CO is highly toxic, so I would assume that the levels introduced into the body during one of these tests is minute, you wouldn't do it every day and as a result the body would not have the drive to adapt (at least not to a significant level compared to the effect of sleeping/ training at altitude).
My understanding is that the time it takes to get rid of it is depedent on the amount of oxygen you are breathing in, so getting rid of the CO at altitude would take longer than at sea level.
CO is highly toxic
Yes and no! The dimwit smokers will have levels of carbonmonoxyHb up to 10%
This is a complete non story. The test involves taking a short breath of CO. It has no effect on red cell count and due to the toxicity of CO is restricted to a single breath.
Someone has to win. All this automatic questioning of the winner without any evidence other than they are winning just dampens the enjoyment.
Remember that Pog was 7' 23" down on the stage winner yesterday, so not exactly blistering.
It looks to me that Jonas is starting to show the far less than perfect preparation leading into this year's TdF now we are into the 3rd week, and is beginning to fade, but we will see. Could be interesting as Remco looks like he sees a chance to get 2nd.

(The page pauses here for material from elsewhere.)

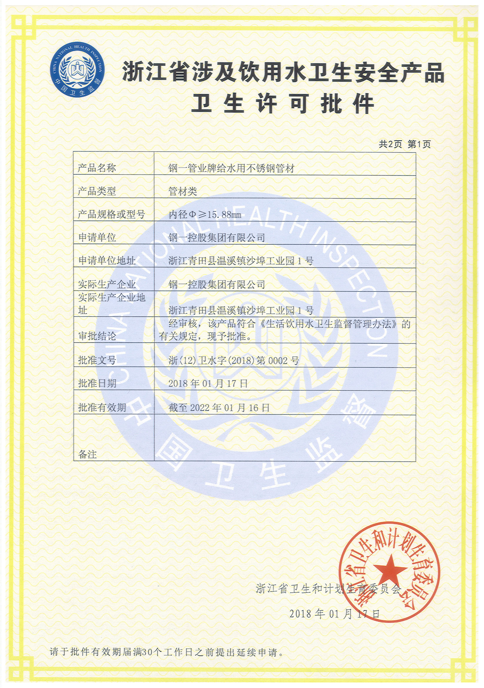 涉(she)水(shui)產品衛生(sheng)許可批件

The circumstances aren't merely that Pog is winning, but that up certain climbs he has demolished the times of riders of doping eras past.
The situation is that the sport has completely changed in basically every single way since those days. Training, diet, nutrition on and off the bike, equipment, tactics. Something as simple as fuelling on the bike makes a monstrous difference. I would love to see what would happen if we took a modern athlete and doped them up to the levels those guys were.
Pantani's bike was probably 300g, perhaps closer to 0.5 kg, lighter than Pog's.
Interesting comparison here:
https://road.cc/content/feature/pantanis-1998-bianchi-vs-pogacars-2024-c...
The questioning is entirely legitimate given the sport's long history of doping. If nothing else then hopefully it reminds riders to stay honest and clean.
Hardly relevant, even Armstrong would let a breakaway go when it suited him. I'm a huge fan of Pogacar and don't believe he is doping but the fact that he finished down on the breakaway on what was effectively an armistice day for the GC contenders doesn't prove anything.